Jonathan Fitoussi’s Plein Soleil, on the French label Transversales Disques, is an undulating electronic soundscape of morphing timbres. It reminds me a bit of Morton Subotnick, such as his “A Sky of Cloudless Sulfur” and Silver Apples of the Moon (1968), but with fancier synthesizers and a great deal more driving rhythm. It isn’t what I think of as dance music, though I would certainly be happy to dance to it. I can imagine ballet dancers clad all in black, flitting and flipping and flying about a stage, to this music. It also reminds me of the Pearls Girl Underworld EP from the mid-1990s. The multiple layers of different rhythms, both percussive and melodic synth-like, provide complexity, though each component is simple, especially when one considers there is a lot of rhythmic and melodic repetition. Timbres change, as they do in Underworld’s “Cherry Pie,” from the Pearls Girl EP. That is almost melodic, since a note on one instrument is not the same as a note on another. A melody of sorts can be made by differences between notes other than pure pitch.
Even simpler than Plein Soleil is the opening to the EP Polaris. A sequencer or loop repeats what seems like a theme in 5/4 time. High-pitched synths come in and out, similar to the beginning of Plein Soleil, but the simplicity of “Polaris 2011” is far greater than anything on Plein Soleil. “Light 2011” has a similar theme to that of “Polaris 2011,” and, offering my best guess, may be in 7/8 time. The shimmering of the synths that sweep in and out of the mix provides the primary source of change, while the sequencer or looped synth provides a constant undergirding rhythm.

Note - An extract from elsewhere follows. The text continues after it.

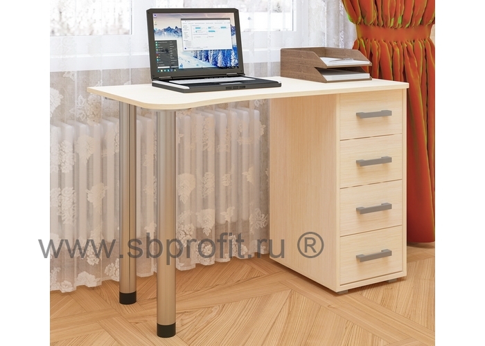 Стол СК - 27 интересен своей простотой и уникален практичностью. Главное преимущество заключается в простой, широкой столешнице без надстроек и прочих деталей, что даёт просторную рабочую площадь. А для хранения письменных принадлежностей и бумаг предусмотрены 4 выдвижных ящика с шариковыми направляющими, которые гарантируют полное выдвижение. Столешница с одной стороны опирается на хромированные опоры, которые подчёркивают минимализм и современный дизайн изделия. Данная модель стола пользуется необыкновенной популярностью в работе дома и в офисе.Изделие выполнено из высококачественного и экологичного материала – ЛДСП класса Е1 толщиной 16 мм. Все края обработаны ударопрочной кромкой ПВХ, которая значительно увеличивает срок эксплуатации изделия. Для сборки изделия используется фурнитура ведущих мировых производителей. Упакован стол в плоский гофрокартон. Внутри имеется подробная инструкция по сборке. Гарантия на изделие 24 месяца.
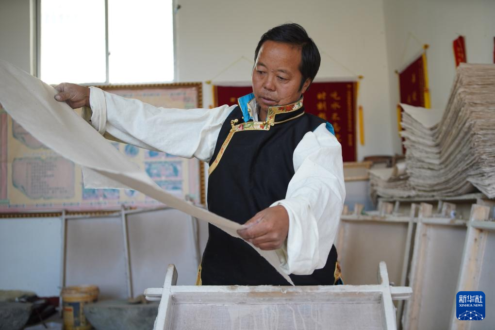 48歲的格桑旦增是“雪拉藏紙制作技藝”傳承人,也是西藏自治區(qū)拉薩市尼木縣雪拉藏紙農(nóng)牧民專業(yè)合作社負(fù)責(zé)人。他世代居住的尼木縣地處高原溫帶半干旱季風(fēng)氣候區(qū),平均每天日照8.3小時(shí)。得天獨(dú)厚的自然條件使其自古以來便是影響較大的藏紙產(chǎn)區(qū)之一。

I took a college course on “the computer in music,” and I was introduced to the works of Morton Subotnick. I explored electronic art music in a limited way. It offers a different listening experience than electronic dance music does. That is not to say that electronic art music has not been paired with dancing. I leave you with the first of a three-album set of Subotnick’s music, which I have just revisited after a decade or so. “Touch” is astounding to me. It offers a mind-blowingly wide soundstage, far beyond the left and right speakers of my home stereo. The sound comes from a wide sector of a circle. It is surreal to hear and feel. Your mileage may differ. “Gestures” gets into three-dimensional sonic gestures, which reach out all the way to my right ear. I have a two-channel stereo, no surround sound anywhere. The techniques Subotnick must have used in making such music are beyond my imagination. I try to imagine, anyway.